▶ WHAT YOU WILL DO
Begin your copy at the line with "園庭や遊戯室で、のびのび動く面白さを感じられるようにしています。" in the records below and end it at the line with "Stivaletti Chloé originali", restating each line word for word; omit the pictures.

··· EXTRACTED DATA

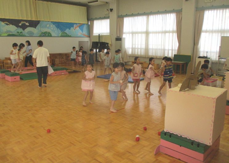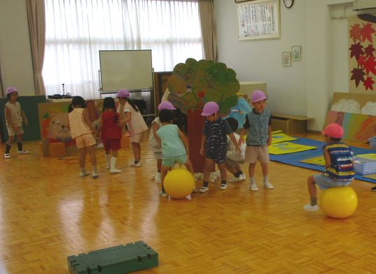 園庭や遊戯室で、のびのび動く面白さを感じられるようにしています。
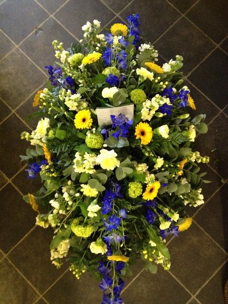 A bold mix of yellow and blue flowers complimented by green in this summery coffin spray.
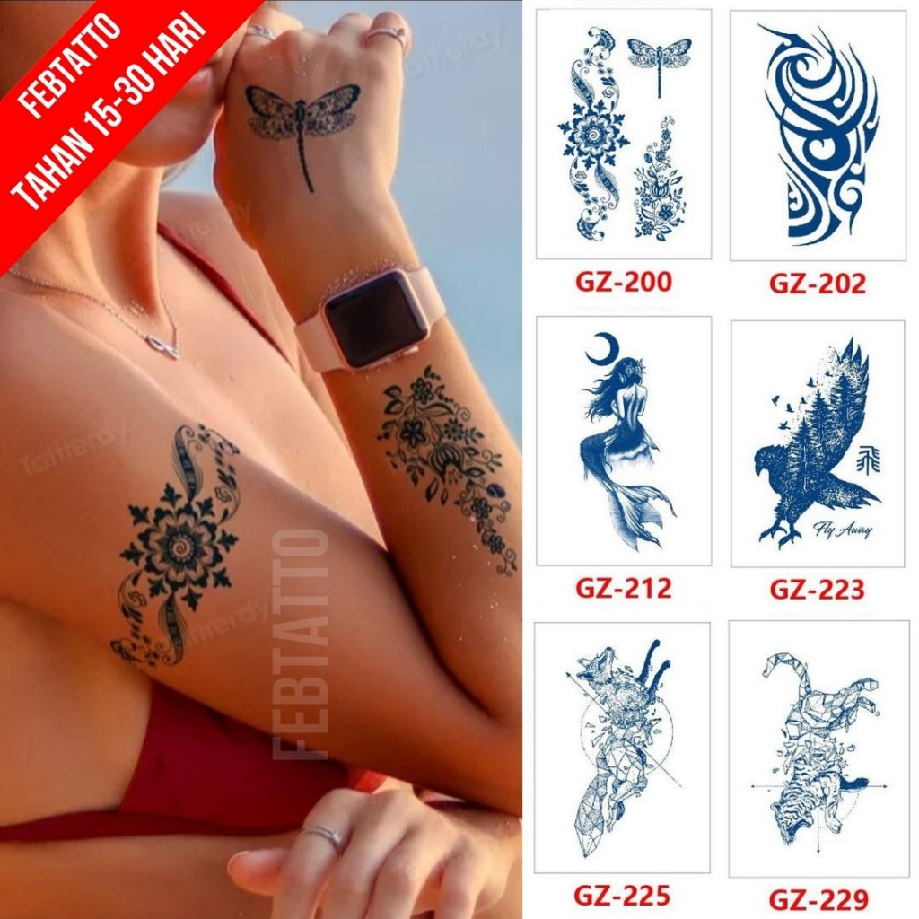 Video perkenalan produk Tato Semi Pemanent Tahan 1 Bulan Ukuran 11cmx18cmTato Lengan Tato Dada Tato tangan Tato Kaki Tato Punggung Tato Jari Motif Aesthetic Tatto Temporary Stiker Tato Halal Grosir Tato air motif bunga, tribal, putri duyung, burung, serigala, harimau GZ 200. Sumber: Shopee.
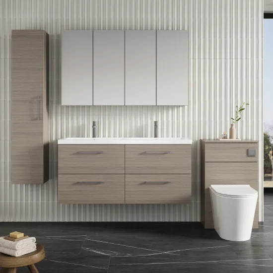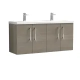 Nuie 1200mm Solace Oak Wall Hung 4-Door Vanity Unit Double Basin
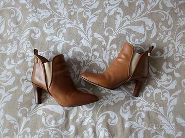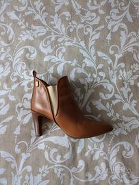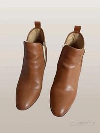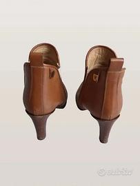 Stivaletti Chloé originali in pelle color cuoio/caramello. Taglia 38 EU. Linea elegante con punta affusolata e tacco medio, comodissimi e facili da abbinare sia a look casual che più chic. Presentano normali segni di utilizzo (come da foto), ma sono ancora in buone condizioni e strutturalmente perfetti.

······
··· EXTRACTED DATA

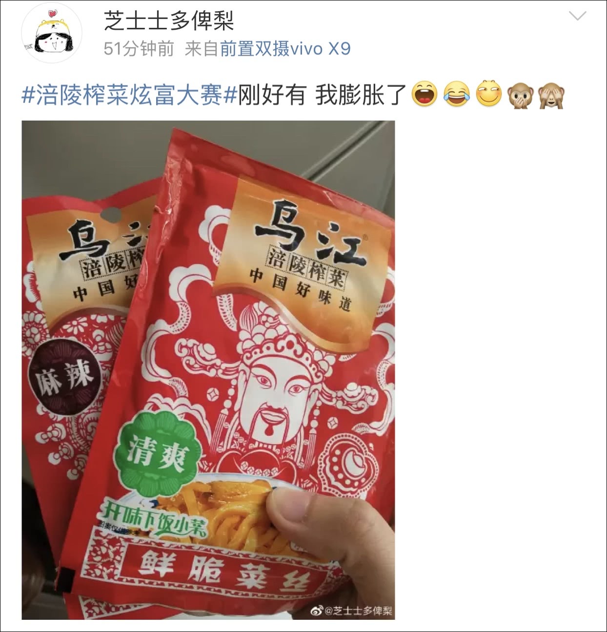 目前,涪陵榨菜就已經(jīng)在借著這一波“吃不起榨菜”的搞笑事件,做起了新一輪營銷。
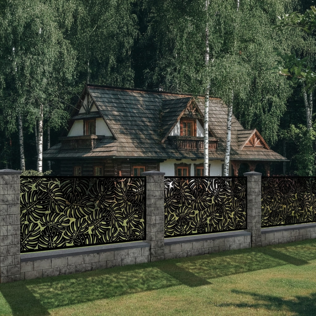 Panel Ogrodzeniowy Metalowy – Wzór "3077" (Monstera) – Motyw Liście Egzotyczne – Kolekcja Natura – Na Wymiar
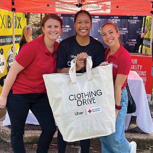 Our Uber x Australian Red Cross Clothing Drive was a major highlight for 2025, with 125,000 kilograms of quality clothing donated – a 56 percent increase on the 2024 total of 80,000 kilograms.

······
··· EXTRACTED DATA

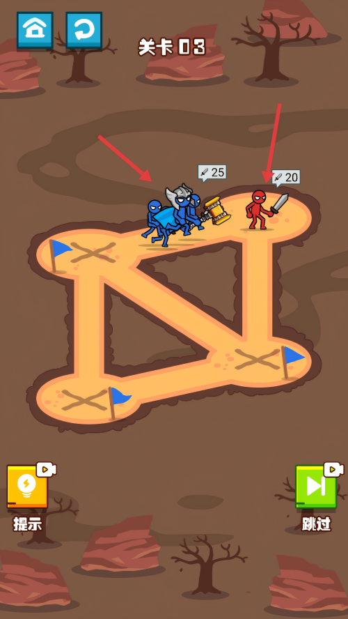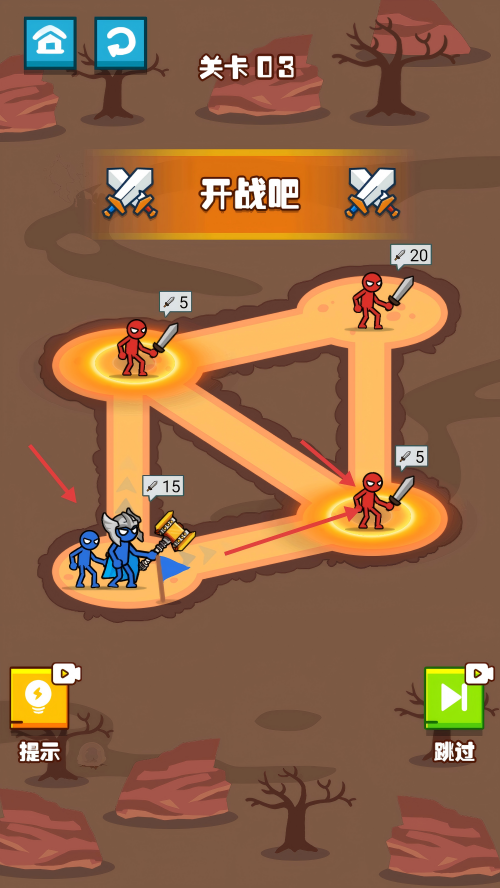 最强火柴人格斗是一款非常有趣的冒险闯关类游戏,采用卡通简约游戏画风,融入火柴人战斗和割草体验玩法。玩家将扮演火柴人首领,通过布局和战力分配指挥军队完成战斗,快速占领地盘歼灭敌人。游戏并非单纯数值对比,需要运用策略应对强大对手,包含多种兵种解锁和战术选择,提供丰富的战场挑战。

······

▶ EXERCISE RESPONSE
 園庭や遊戯室で、のびのび動く面白さを感じられるようにしています。
 A bold mix of yellow and blue flowers complimented by green in this summery coffin spray.
 Video perkenalan produk Tato Semi Pemanent Tahan 1 Bulan Ukuran 11cmx18cmTato Lengan Tato Dada Tato tangan Tato Kaki Tato Punggung Tato Jari Motif Aesthetic Tatto Temporary Stiker Tato Halal Grosir Tato air motif bunga, tribal, putri duyung, burung, serigala, harimau GZ 200. Sumber: Shopee.
 Nuie 1200mm Solace Oak Wall Hung 4-Door Vanity Unit Double Basin
 Stivaletti Chloé originali in pelle color cuoio/caramello. Taglia 38 EU. Linea elegante con punta affusolata e tacco medio, comodissimi e facili da abbinare sia a look casual che più chic. Presentano normali segni di utilizzo (come da foto), ma sono ancora in buone condizioni e strutturalmente perfetti.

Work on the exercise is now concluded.